[Data excerpts]
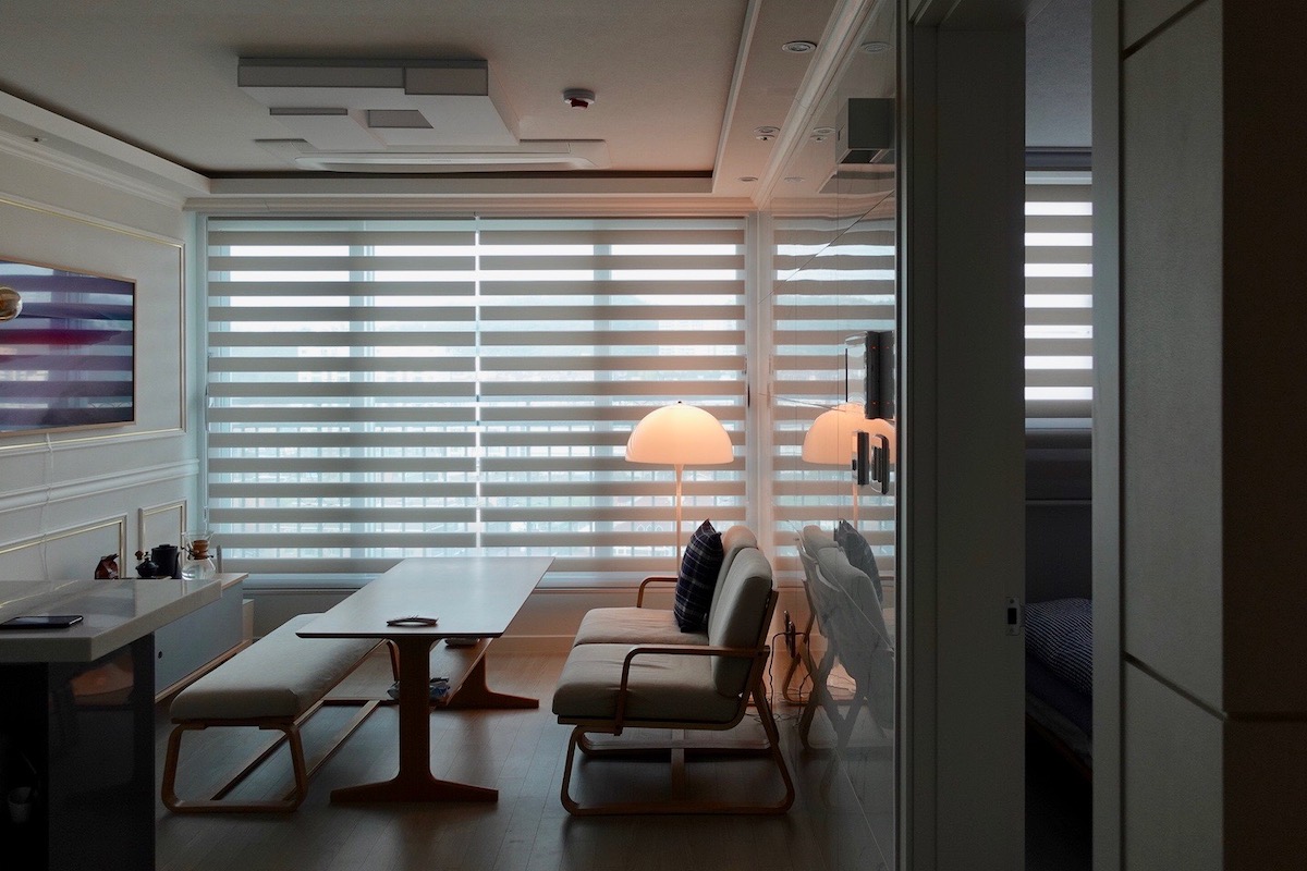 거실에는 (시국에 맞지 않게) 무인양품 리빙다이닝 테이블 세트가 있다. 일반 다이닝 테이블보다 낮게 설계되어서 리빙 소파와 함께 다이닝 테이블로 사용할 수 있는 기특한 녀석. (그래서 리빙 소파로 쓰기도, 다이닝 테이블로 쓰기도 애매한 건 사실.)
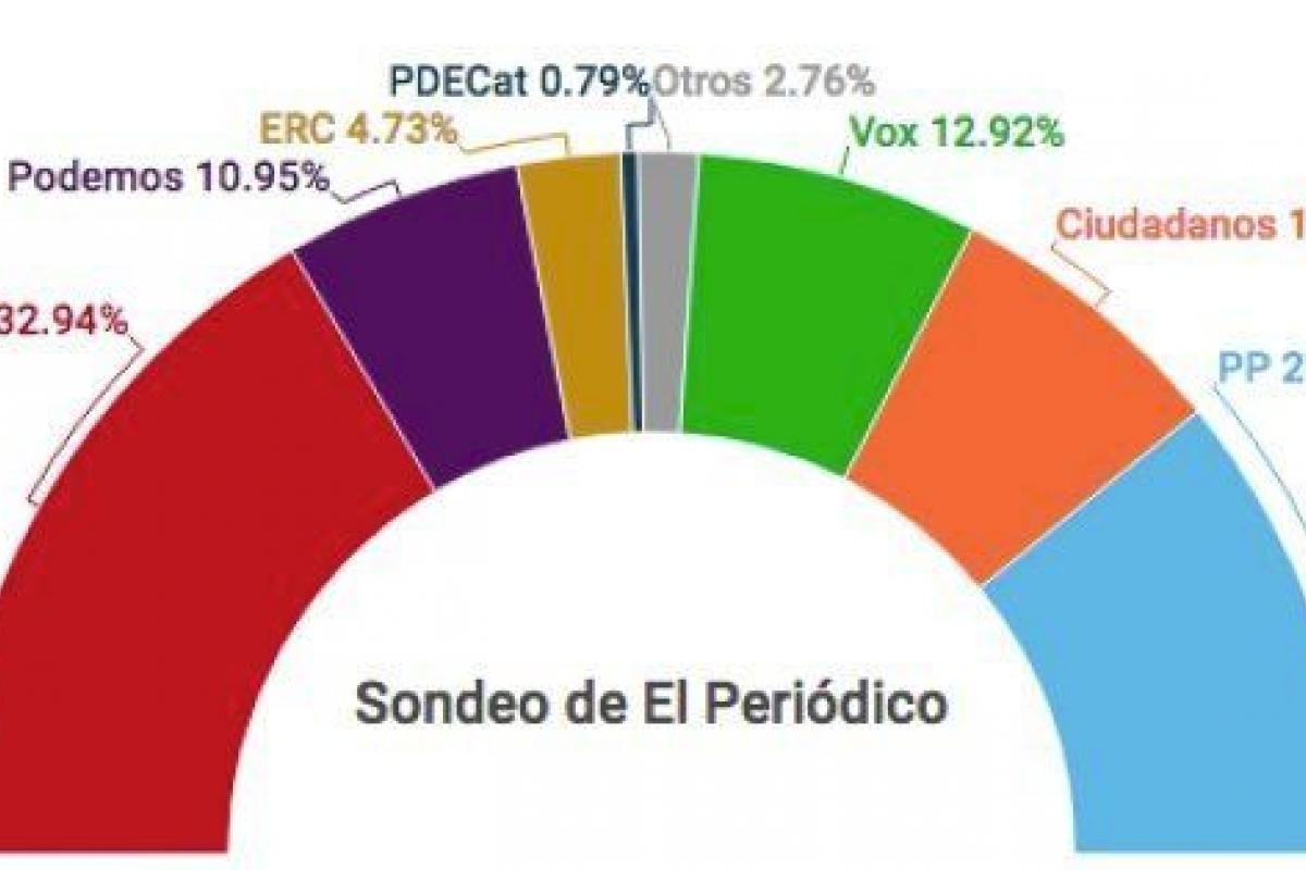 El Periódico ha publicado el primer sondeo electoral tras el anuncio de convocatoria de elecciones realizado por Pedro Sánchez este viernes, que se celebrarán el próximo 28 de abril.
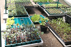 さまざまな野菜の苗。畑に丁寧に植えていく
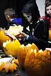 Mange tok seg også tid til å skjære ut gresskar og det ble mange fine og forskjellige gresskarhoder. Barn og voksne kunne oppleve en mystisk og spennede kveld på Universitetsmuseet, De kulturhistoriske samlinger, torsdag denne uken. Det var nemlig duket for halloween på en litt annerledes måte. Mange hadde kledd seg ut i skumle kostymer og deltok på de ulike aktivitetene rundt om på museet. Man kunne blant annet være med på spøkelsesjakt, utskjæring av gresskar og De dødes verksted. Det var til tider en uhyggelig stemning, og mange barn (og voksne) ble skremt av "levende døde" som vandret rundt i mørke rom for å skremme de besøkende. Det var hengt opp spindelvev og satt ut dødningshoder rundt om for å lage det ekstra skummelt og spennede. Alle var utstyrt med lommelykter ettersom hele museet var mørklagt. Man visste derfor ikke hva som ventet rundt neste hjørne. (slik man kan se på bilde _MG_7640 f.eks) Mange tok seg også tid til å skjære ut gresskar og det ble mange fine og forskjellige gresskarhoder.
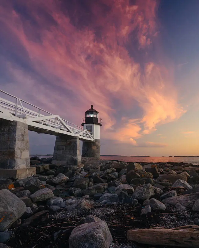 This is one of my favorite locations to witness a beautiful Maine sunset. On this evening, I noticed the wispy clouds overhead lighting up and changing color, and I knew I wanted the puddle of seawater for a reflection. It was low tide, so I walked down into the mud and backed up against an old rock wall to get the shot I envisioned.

## DIRECTIONS
All entries above should be printed exactly, though without their pictures.

## ANSWER TO THIS EXERCISE
 거실에는 (시국에 맞지 않게) 무인양품 리빙다이닝 테이블 세트가 있다. 일반 다이닝 테이블보다 낮게 설계되어서 리빙 소파와 함께 다이닝 테이블로 사용할 수 있는 기특한 녀석. (그래서 리빙 소파로 쓰기도, 다이닝 테이블로 쓰기도 애매한 건 사실.)
 El Periódico ha publicado el primer sondeo electoral tras el anuncio de convocatoria de elecciones realizado por Pedro Sánchez este viernes, que se celebrarán el próximo 28 de abril.
 さまざまな野菜の苗。畑に丁寧に植えていく
 Mange tok seg også tid til å skjære ut gresskar og det ble mange fine og forskjellige gresskarhoder. Barn og voksne kunne oppleve en mystisk og spennede kveld på Universitetsmuseet, De kulturhistoriske samlinger, torsdag denne uken. Det var nemlig duket for halloween på en litt annerledes måte. Mange hadde kledd seg ut i skumle kostymer og deltok på de ulike aktivitetene rundt om på museet. Man kunne blant annet være med på spøkelsesjakt, utskjæring av gresskar og De dødes verksted. Det var til tider en uhyggelig stemning, og mange barn (og voksne) ble skremt av "levende døde" som vandret rundt i mørke rom for å skremme de besøkende. Det var hengt opp spindelvev og satt ut dødningshoder rundt om for å lage det ekstra skummelt og spennede. Alle var utstyrt med lommelykter ettersom hele museet var mørklagt. Man visste derfor ikke hva som ventet rundt neste hjørne. (slik man kan se på bilde _MG_7640 f.eks) Mange tok seg også tid til å skjære ut gresskar og det ble mange fine og forskjellige gresskarhoder.
 This is one of my favorite locations to witness a beautiful Maine sunset. On this evening, I noticed the wispy clouds overhead lighting up and changing color, and I knew I wanted the puddle of seawater for a reflection. It was low tide, so I walked down into the mud and backed up against an old rock wall to get the shot I envisioned.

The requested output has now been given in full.